À l’intérieur du genre, la décision la plus conséquente est le déplacement du monstre. Whispering Corridors situait l’horreur dans le bâtiment scolaire. Death Bell la situait dans l’examen. Hellbound la situait dans le décret venu d’en haut. All of Us Are Dead la situait dans la contagion qui balayait les couloirs. La série de Park Youn-seo est le premier récit d’horreur scolaire coréenne à reloger le monstre à l’intérieur de l’appareil que chaque personnage porte déjà dans sa poche. Le lycée reste le décor ; les apparitions continuent de se produire la nuit dans les couloirs. Mais le moteur de l’horreur n’est plus architectural : il vit partout où le réseau parvient, c’est-à-dire partout où se trouve déjà l’adolescent.

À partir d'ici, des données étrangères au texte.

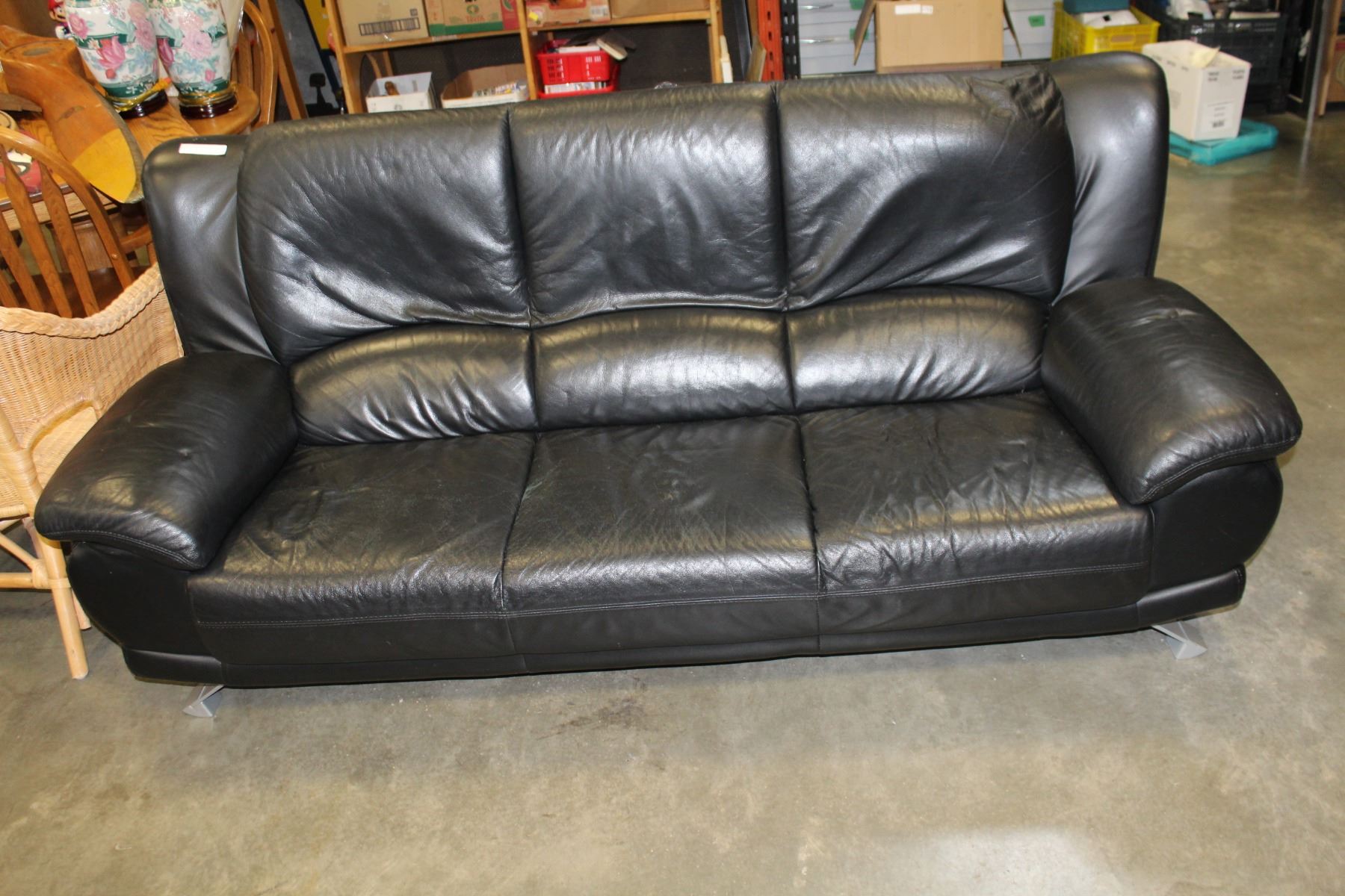 BLACK LEATHER SOFA WITH CHROME LEGS

On peut se demander si la commande de cette série comme premier récit coréen d’horreur pour jeunes adultes de la plateforme relève d’une stratégie éditoriale précise. All of Us Are Dead avait démontré que l’horreur coréenne pouvait passer le cap global sans traduction de genre. Cette série prolonge la thèse d’un cran en conservant intacts les rites, l’idiome et les références sociales ; la question devient alors moins celle du succès que celle de son enseignement. Si le récit fonctionne à l’international, la plateforme confirme qu’en 2026 son audience mondiale n’a plus besoin d’une horreur coréenne américanisée, seulement sous-titrée. Si l’inverse se produit, elle apprend quelque chose d’utile sur le plafond de cette approche. Dans les deux cas, le refus du réalisateur de prémâcher sa série pour l’extérieur relève d’un pari éclairé.

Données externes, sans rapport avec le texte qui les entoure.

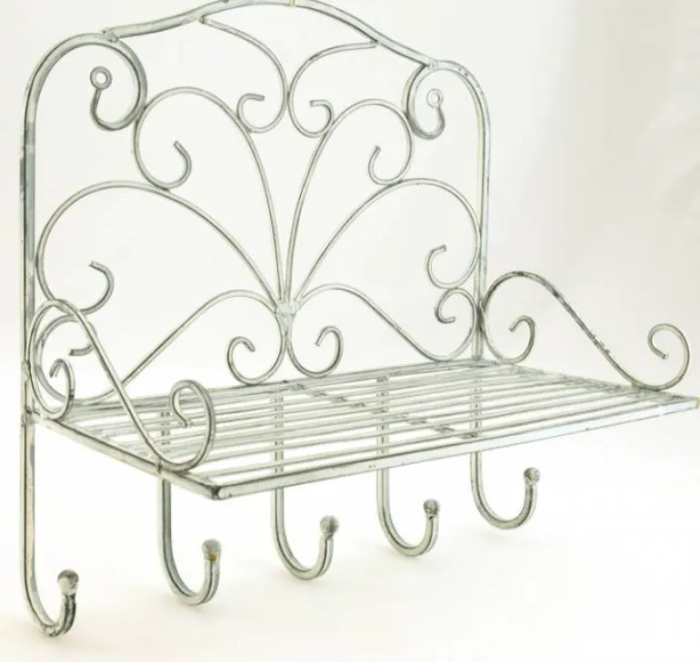 Hvid antik jernhylde til væggen

If Wishes Could Kill - Netflix
If Wishes Could Kill / Jeon So-nee as Hatsal in If Wishes Could Kill Cr. Darae Lee/Netflix © 2026

Quelle est donc cette adolescence qui produit des vœux pour lesquels il vaudrait la peine de mourir ? La série ne répond pas. Elle ne peut que montrer la forme précise de ces vœux lorsqu’un système rituel — chamanique, numérique, ou les deux à la fois — accepte de les recevoir.

« If Wishes Could Kill » sera disponible à partir du vendredi 24 avril sur Netflix. La série sud-coréenne, premier récit d’horreur pour jeunes adultes commandé par la plateforme dans cette catégorie, compte huit épisodes produits par CJ ENM Studios et Kairos Makers. Réalisée par Park Youn-seo à partir d’un scénario de Park Joong-seop, elle est portée par Jeon So-young, Kang Mi-na, Baek Sun-ho, Hyun Woo-seok et Lee Hyo-je, avec Jeon So-nee et Noh Jae-won dans les rôles de soutien des deux chamanes, Haetsal et Bangul, dont la présence à l’écran répond, dans un autre idiome, à la même question que celle posée par l’application.